Yes, she knew plenty about the darkness that hid within men.
“We didn’t have an ID on Porter then. Just a basic physical description. He slipped away.” Mercer heaved out a breath as he stared at the mountains in the distance. “We try our hardest, but there are always some that get away. For every killer we stop, another one is out there, waiting in the wings.” His voice lowered. “Some days I wonder if it will ever end.”
She rubbed her arms. The snow had felt good before, seeming to cool the fire that burned within her as it fell again, but now...
“Thomas was at the hospital because he needed to see you. He even went in your room, but you didn’t recognize him. You didn’t know him at all.”
Those words had her breath catching.
“Maybe Thomas told you he’d watched you over the years, but I don’t think you realize...quite how much. When your mother died, he was at the funeral. When your father passed, he was at the nursing home. When you graduated from college, he was in the audience. When you went on your first case with the FBI, he was shadowing you.”

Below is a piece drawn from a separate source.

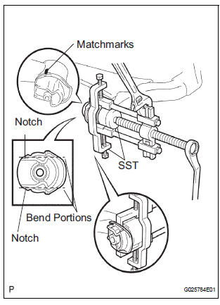 (a) Place matchmarks on the 2 notches of the bushing and rear axle beam assembly.
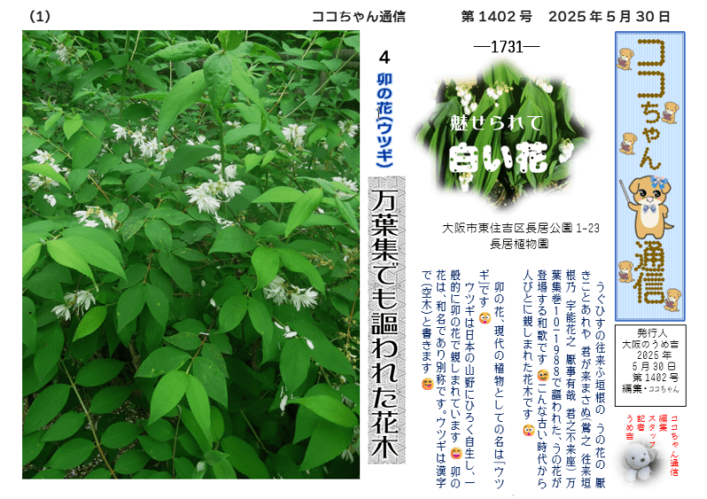 うぐひすの往来ふ垣根の うの花の 厭きことあれや 君が来まさぬ(鴬之 徃来垣根乃 宇能花之 厭事有哉 君之不来座) 万葉集巻10-1988で謳われた、うの花が登場する和歌です 😉こんな古い時代から人びとに親しまれた花木です 😲

She could only shake her head. That made no sense to her.
“Why?”
“Because fifteen years ago, Thomas Anthony met a girl in the woods. A girl he said was the bravest, strongest person he’d ever met. He told me the girl was hurt and scared, but she kept fighting to survive, no matter what.”
She looked away from Mercer. She didn’t want him reading the expression in her eyes.
“Because fifteen years ago...” Mercer said again. “I think a twenty-two-year-old agent fell in love with that girl. With her strength and her courage, and he couldn’t bear to imagine her alone in the world. He wanted to keep her safe. To watch over her. So he did, in his way, and with every year that passed, every day that he watched her prove again and again just how strong she was, I think he fell for her even more.”
No, no, that couldn’t be true. “He would’ve said something to me.”
Mercer laughed at that.
Her head whipped back around toward him. She could
never
remember hearing Mercer laugh.
“Thomas Anthony is a good agent. One of the best I’ve ever seen, but that man doesn’t connect easily with others. He keeps his emotions to himself.”
“Then how do you know—”
“Because you’re not the only one who is good at reading people. And if you weren’t so blinded by your own feelings, you’d see that Thomas Anthony would die in an instant, if it meant keeping you safe. He’d lie, he’d kill, he’d cheat. He’d do anything for you.”
Her heart was thundering in her chest. “Why are you telling me this?”
Now?
“Because the mission ends in just a few hours. When we board the plane, that’s the end for your partnership with Thomas Anthony.”
Noelle shook her head. “But the EOD—”
“Oh, don’t worry about us. We’ll always be around.” He gave a little nod. “But your period as an EOD liaison from the FBI, that’s over.”
It was the last thing she’d expected. “You’re
firing
me?”
His lips twitched. “No. I brought you on because I thought being around Anthony would stir some memories, and if that didn’t work, I thought, well...” His words trailed away. But surely, Bruce Mercer wasn’t suggesting he’d tried to play matchmaker for her and Thomas? Mercer was a power player. Not some closet romantic who—
“You deserve some happiness. So does he.” Mercer rubbed his chin. “I’m not saying I won’t be using you again. You’re the best profiler I’ve ever come across, but in the future, you won’t be partnered with Anthony. So whatever you two decide, there’s nothing at the EOD that will stand between you.” His hand dropped as he gazed at her. “The only thing between the two of you is what you put there. Ghosts from your past. Fears about your future. It’s all what
you
see...or what you don’t.”
He pointed down the road. “Thomas went back to the cabin you two rented. He said he was tired. Maybe you should go there and try to get a little shut-eye, too.” Then he turned and made his way back inside the sheriff’s station.
Noelle sucked in a deep gulp of air. One. Two.
Then she found herself hurrying forward. She got the keys to the extra rental truck, and she was on her way back to the cabin before she gave herself a second to think.